Activity: Could you restate word for word each line from the top of the listing below through the line containing "The Eris' screen"? Keep the pictures out.

********************

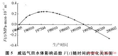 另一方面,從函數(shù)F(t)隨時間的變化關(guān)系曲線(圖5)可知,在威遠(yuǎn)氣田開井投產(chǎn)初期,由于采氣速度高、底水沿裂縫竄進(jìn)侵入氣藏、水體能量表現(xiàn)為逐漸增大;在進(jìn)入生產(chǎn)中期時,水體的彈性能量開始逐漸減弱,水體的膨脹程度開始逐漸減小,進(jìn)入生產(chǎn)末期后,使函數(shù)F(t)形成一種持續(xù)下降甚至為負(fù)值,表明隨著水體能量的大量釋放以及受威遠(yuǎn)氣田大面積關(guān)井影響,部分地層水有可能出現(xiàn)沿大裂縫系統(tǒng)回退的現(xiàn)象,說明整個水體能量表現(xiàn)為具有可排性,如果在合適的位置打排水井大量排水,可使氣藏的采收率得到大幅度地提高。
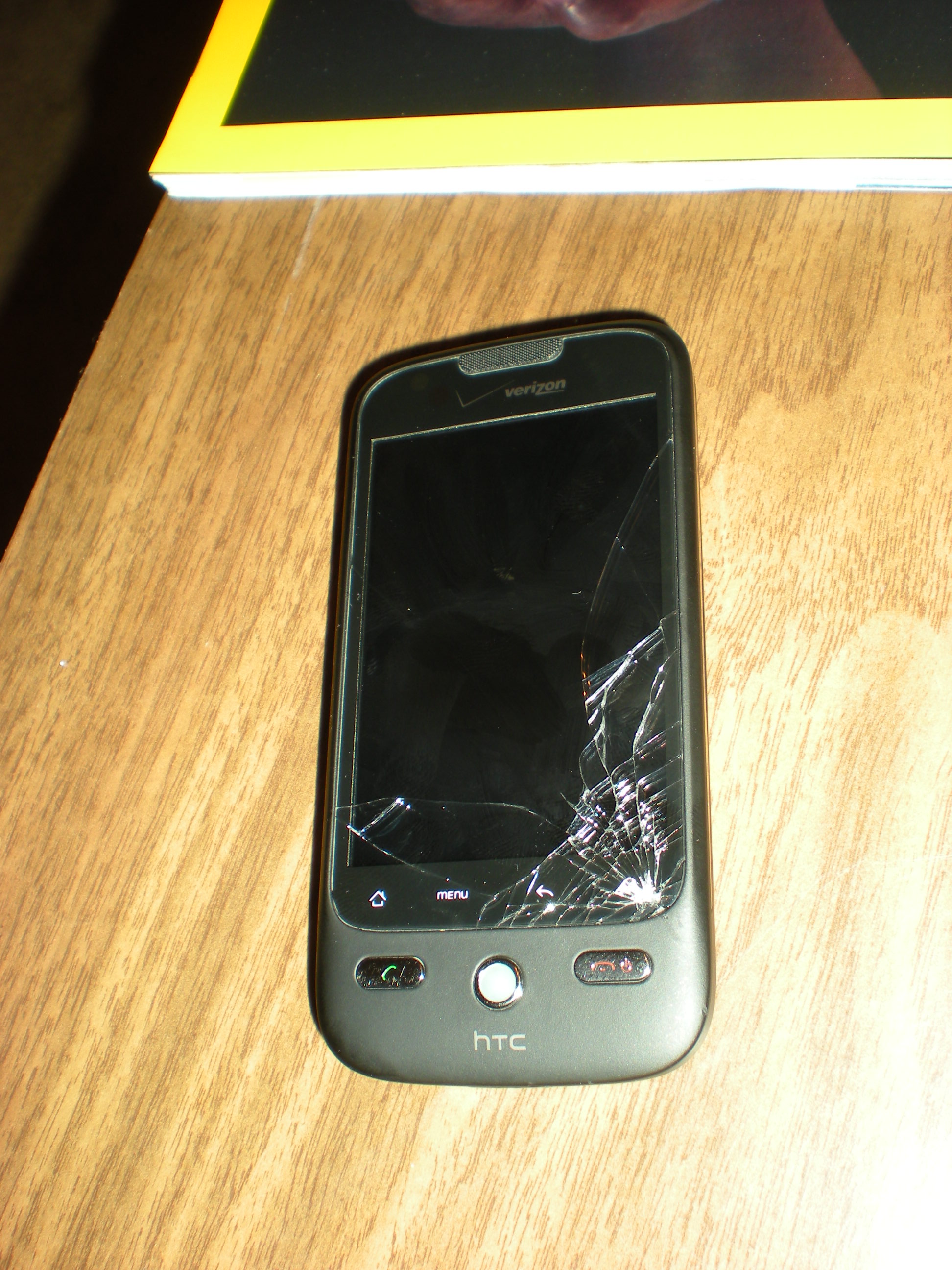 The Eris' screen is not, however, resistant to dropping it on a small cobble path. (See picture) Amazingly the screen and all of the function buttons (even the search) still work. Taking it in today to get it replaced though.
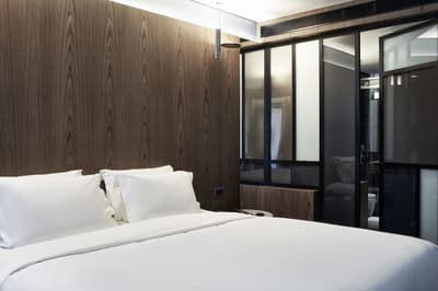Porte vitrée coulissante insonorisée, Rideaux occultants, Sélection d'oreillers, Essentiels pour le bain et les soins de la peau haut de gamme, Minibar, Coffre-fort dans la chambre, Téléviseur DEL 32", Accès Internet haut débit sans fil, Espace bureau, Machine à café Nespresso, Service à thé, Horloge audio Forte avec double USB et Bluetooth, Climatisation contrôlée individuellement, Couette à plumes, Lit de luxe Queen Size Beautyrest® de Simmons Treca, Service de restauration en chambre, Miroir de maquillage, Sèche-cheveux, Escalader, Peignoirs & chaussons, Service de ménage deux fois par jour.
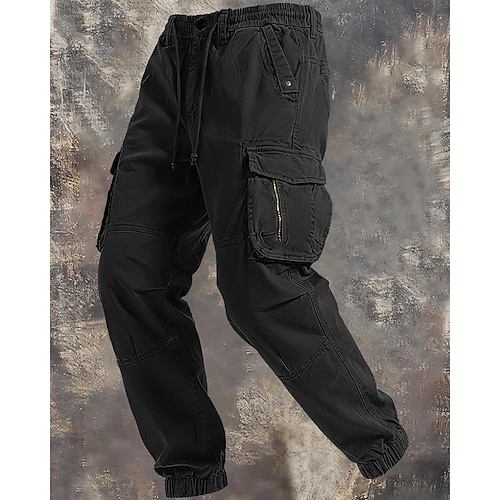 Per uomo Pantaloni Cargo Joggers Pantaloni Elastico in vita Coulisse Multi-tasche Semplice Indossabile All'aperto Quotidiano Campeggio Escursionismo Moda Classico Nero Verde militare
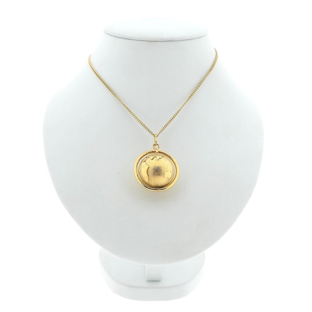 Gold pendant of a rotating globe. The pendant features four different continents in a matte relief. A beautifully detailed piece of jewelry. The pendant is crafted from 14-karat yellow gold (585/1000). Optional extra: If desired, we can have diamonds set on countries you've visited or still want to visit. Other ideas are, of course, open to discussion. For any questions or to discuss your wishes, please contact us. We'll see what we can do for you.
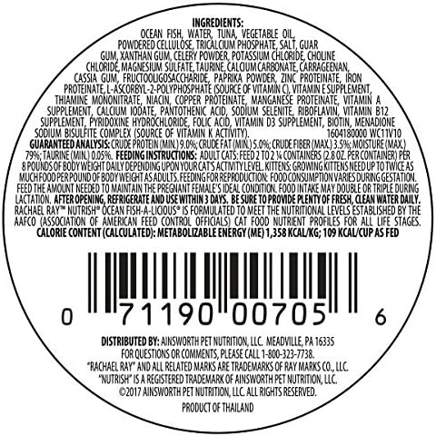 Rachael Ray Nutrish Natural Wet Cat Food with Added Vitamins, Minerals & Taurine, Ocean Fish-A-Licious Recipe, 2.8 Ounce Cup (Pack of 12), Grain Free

********************

Task response:
 另一方面,從函數(shù)F(t)隨時間的變化關(guān)系曲線(圖5)可知,在威遠(yuǎn)氣田開井投產(chǎn)初期,由于采氣速度高、底水沿裂縫竄進(jìn)侵入氣藏、水體能量表現(xiàn)為逐漸增大;在進(jìn)入生產(chǎn)中期時,水體的彈性能量開始逐漸減弱,水體的膨脹程度開始逐漸減小,進(jìn)入生產(chǎn)末期后,使函數(shù)F(t)形成一種持續(xù)下降甚至為負(fù)值,表明隨著水體能量的大量釋放以及受威遠(yuǎn)氣田大面積關(guān)井影響,部分地層水有可能出現(xiàn)沿大裂縫系統(tǒng)回退的現(xiàn)象,說明整個水體能量表現(xiàn)為具有可排性,如果在合適的位置打排水井大量排水,可使氣藏的采收率得到大幅度地提高。
 The Eris' screen is not, however, resistant to dropping it on a small cobble path. (See picture) Amazingly the screen and all of the function buttons (even the search) still work. Taking it in today to get it replaced though.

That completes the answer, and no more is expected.